**Input records**
☆ ☆ ☆ ☆ ☆ ☆ ☆

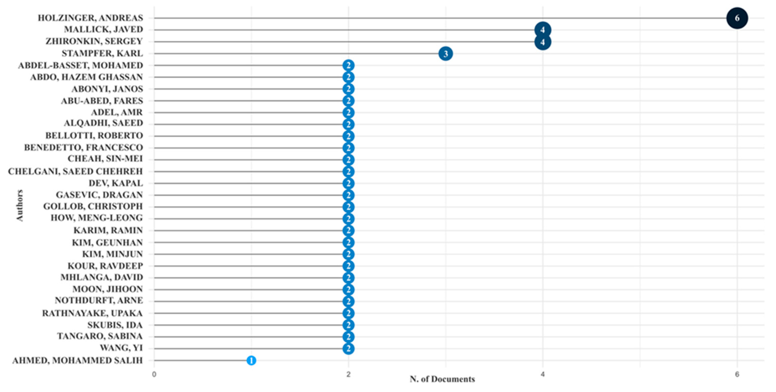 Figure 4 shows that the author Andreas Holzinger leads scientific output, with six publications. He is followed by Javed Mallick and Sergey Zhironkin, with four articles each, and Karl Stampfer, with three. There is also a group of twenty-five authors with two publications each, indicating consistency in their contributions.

☆ ☆ ☆ ☆ ☆ ☆ ☆

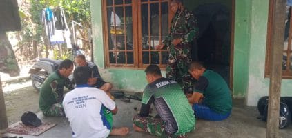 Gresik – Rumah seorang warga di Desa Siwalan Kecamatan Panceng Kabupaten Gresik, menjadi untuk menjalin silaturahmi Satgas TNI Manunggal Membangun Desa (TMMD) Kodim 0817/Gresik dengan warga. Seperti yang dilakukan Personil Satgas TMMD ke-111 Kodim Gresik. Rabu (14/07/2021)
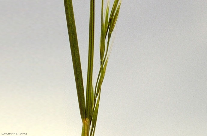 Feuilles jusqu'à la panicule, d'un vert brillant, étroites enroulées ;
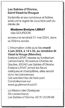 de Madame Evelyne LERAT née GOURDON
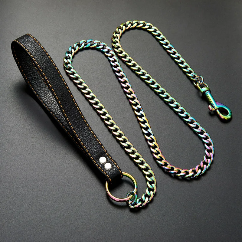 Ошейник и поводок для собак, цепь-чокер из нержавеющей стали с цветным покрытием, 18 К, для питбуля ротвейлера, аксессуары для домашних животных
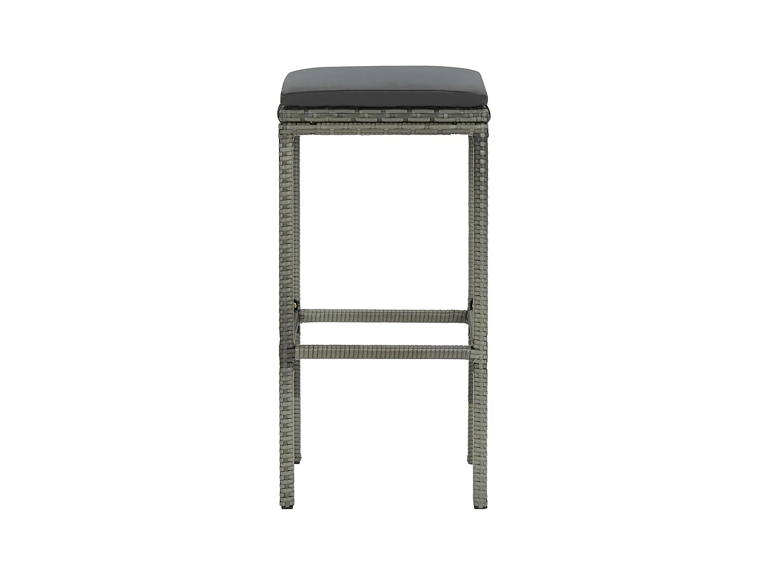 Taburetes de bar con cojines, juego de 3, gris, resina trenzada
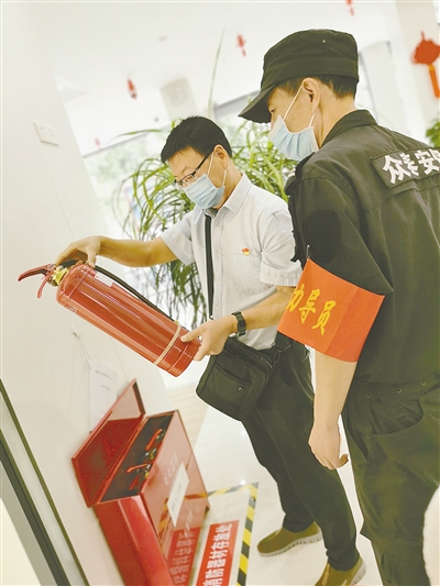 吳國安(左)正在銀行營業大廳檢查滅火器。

☆ ☆ ☆ ☆ ☆ ☆ ☆

**Exercise goal**
In the listing above, find the line with "Feuilles jusqu'à la" and the line with "吳國安(左)正在銀行營業大廳檢查滅火器。". Copy exactly those lines and all between them, minus the images.

**Reply to the exercise**
 Feuilles jusqu'à la panicule, d'un vert brillant, étroites enroulées ;
 de Madame Evelyne LERAT née GOURDON
 Ошейник и поводок для собак, цепь-чокер из нержавеющей стали с цветным покрытием, 18 К, для питбуля ротвейлера, аксессуары для домашних животных
 Taburetes de bar con cojines, juego de 3, gris, resina trenzada
 吳國安(左)正在銀行營業大廳檢查滅火器。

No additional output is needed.